[Entries taken from a collection]

____

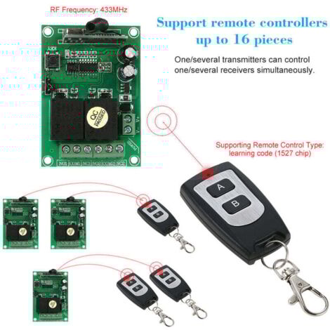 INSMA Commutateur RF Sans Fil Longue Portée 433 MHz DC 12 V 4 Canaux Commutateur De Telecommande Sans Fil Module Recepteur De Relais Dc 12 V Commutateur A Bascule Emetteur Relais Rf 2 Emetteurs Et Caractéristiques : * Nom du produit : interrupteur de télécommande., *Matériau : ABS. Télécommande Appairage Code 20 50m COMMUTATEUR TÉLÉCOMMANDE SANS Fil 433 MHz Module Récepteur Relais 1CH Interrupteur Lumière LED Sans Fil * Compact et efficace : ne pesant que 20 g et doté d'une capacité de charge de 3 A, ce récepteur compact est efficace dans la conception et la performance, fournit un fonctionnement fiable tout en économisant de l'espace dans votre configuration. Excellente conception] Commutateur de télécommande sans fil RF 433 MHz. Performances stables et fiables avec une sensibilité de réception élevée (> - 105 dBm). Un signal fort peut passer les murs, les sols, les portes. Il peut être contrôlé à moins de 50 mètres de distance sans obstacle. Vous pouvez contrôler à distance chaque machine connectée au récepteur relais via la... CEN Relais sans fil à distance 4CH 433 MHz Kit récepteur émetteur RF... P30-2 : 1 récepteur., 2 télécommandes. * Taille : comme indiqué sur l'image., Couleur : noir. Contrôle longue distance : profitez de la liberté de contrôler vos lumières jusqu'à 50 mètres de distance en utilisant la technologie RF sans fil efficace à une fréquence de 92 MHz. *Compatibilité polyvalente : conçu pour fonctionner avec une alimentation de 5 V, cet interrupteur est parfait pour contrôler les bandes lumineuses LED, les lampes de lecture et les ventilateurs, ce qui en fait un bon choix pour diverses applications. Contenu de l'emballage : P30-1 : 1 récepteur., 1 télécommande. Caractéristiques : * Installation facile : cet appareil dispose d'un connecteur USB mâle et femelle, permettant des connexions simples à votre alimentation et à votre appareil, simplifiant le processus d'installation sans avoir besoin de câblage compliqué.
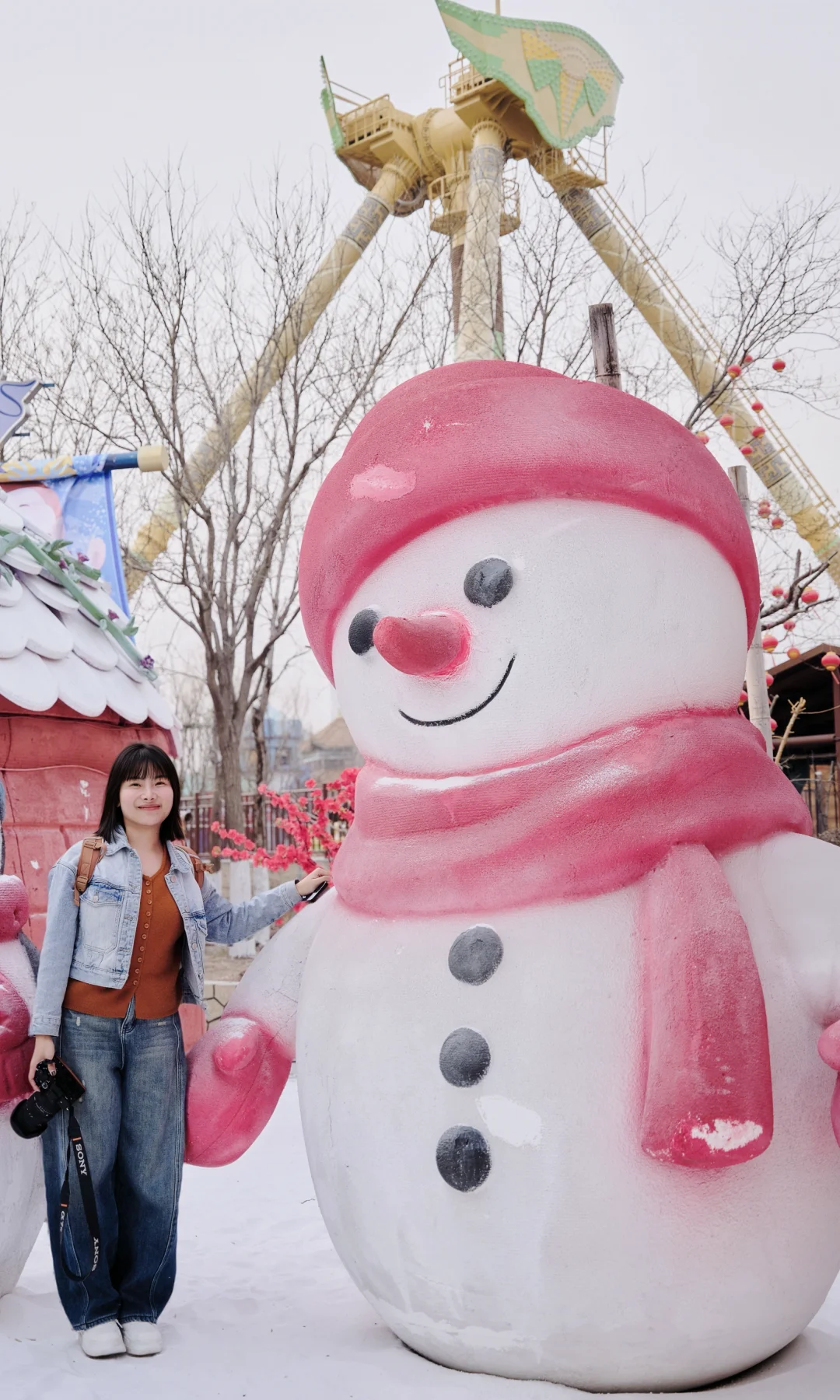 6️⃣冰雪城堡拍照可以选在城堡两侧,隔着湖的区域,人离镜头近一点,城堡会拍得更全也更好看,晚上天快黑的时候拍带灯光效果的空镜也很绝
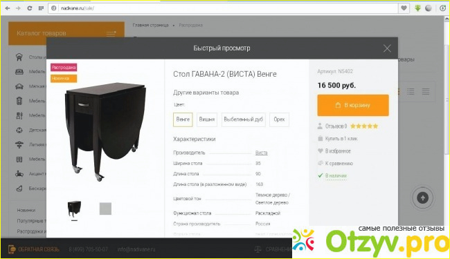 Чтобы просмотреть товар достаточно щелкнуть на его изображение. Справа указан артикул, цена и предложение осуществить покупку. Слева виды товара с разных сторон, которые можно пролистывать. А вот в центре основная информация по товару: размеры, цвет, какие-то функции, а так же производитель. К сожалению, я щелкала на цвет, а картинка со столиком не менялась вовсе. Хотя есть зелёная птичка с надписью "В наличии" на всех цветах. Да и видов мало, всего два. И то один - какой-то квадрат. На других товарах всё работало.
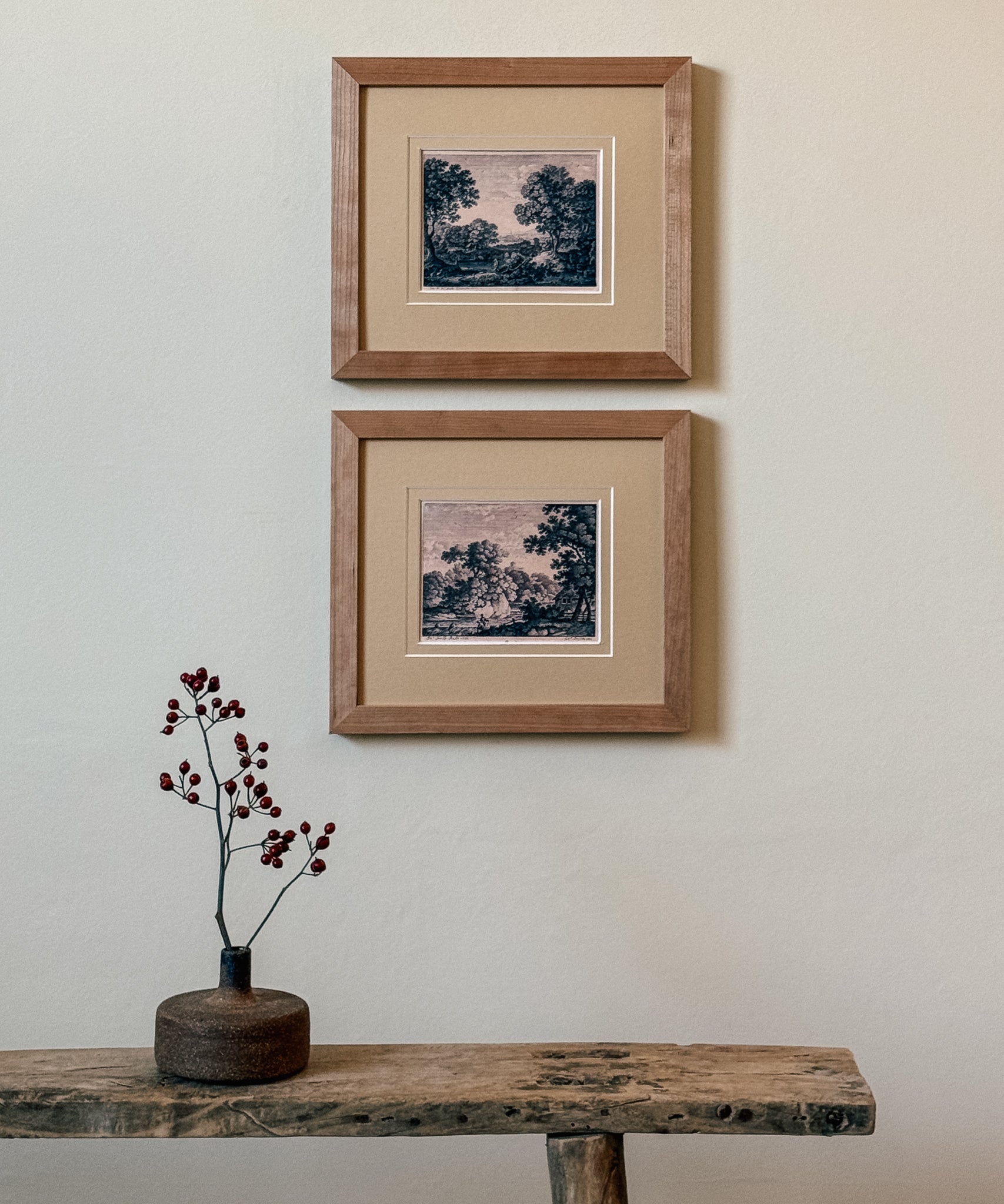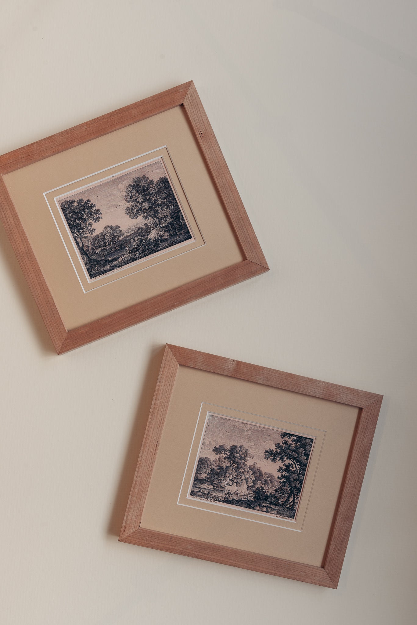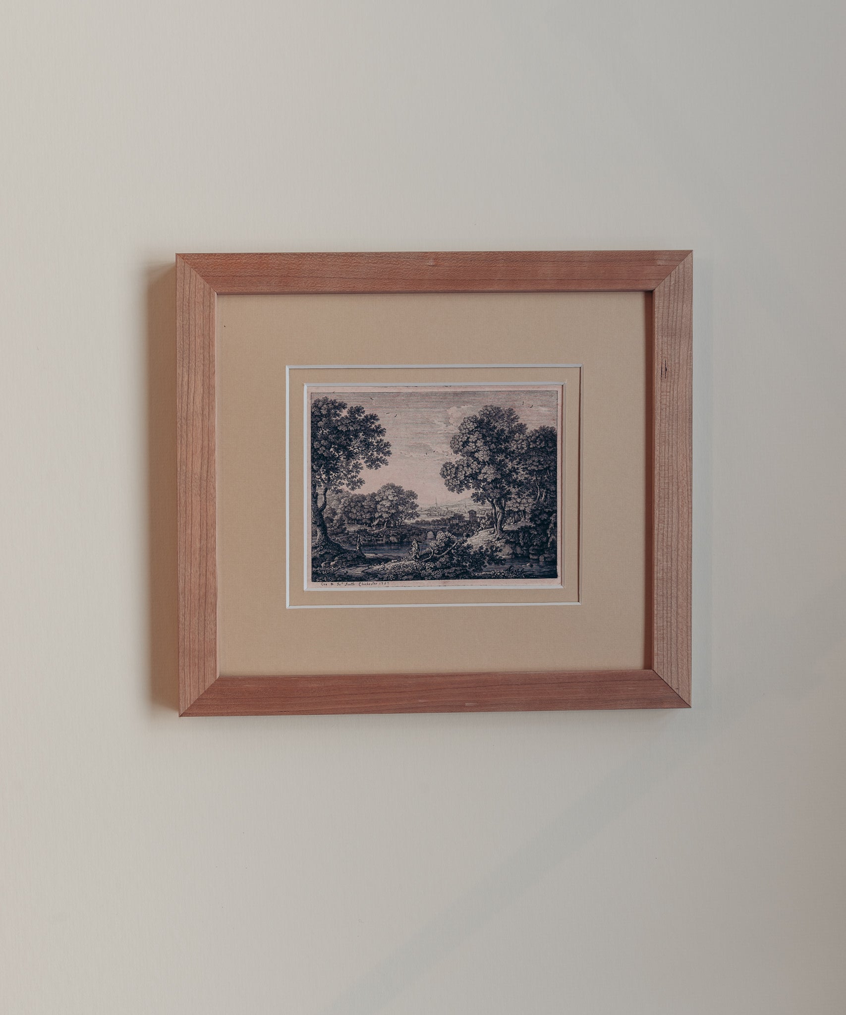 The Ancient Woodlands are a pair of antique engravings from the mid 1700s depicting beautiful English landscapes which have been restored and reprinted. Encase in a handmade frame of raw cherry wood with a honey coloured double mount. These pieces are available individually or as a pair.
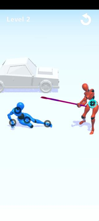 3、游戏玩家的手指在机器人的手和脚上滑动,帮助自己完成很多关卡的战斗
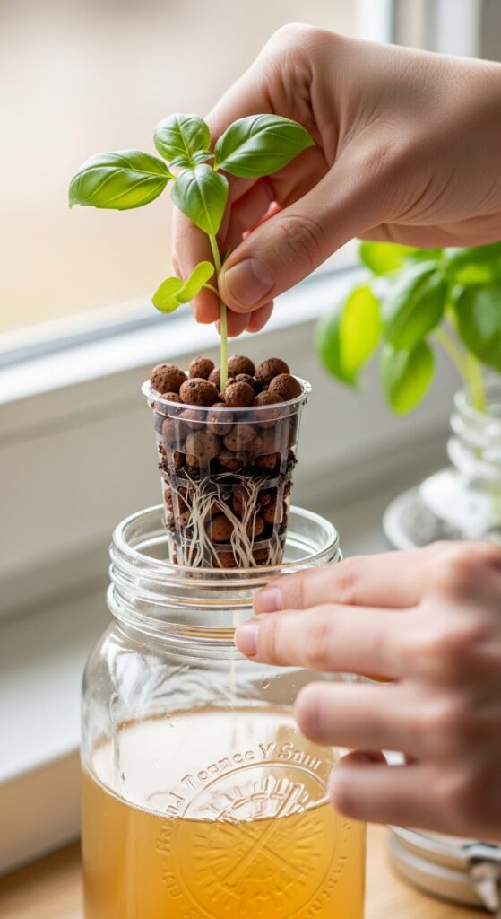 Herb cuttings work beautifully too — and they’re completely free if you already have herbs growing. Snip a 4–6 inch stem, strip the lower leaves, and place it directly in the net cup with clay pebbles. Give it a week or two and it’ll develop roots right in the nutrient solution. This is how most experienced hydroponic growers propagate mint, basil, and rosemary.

____

** Task **
Reproduce the lines above, exactly and exclusively, from the line containing "6️⃣冰雪城堡拍照可以选在城" down to the last line, both included; pictures are not part of the copy.

** Answer to this problem **
 6️⃣冰雪城堡拍照可以选在城堡两侧,隔着湖的区域,人离镜头近一点,城堡会拍得更全也更好看,晚上天快黑的时候拍带灯光效果的空镜也很绝
 Чтобы просмотреть товар достаточно щелкнуть на его изображение. Справа указан артикул, цена и предложение осуществить покупку. Слева виды товара с разных сторон, которые можно пролистывать. А вот в центре основная информация по товару: размеры, цвет, какие-то функции, а так же производитель. К сожалению, я щелкала на цвет, а картинка со столиком не менялась вовсе. Хотя есть зелёная птичка с надписью "В наличии" на всех цветах. Да и видов мало, всего два. И то один - какой-то квадрат. На других товарах всё работало.
 The Ancient Woodlands are a pair of antique engravings from the mid 1700s depicting beautiful English landscapes which have been restored and reprinted. Encase in a handmade frame of raw cherry wood with a honey coloured double mount. These pieces are available individually or as a pair.
 3、游戏玩家的手指在机器人的手和脚上滑动,帮助自己完成很多关卡的战斗
 Herb cuttings work beautifully too — and they’re completely free if you already have herbs growing. Snip a 4–6 inch stem, strip the lower leaves, and place it directly in the net cup with clay pebbles. Give it a week or two and it’ll develop roots right in the nutrient solution. This is how most experienced hydroponic growers propagate mint, basil, and rosemary.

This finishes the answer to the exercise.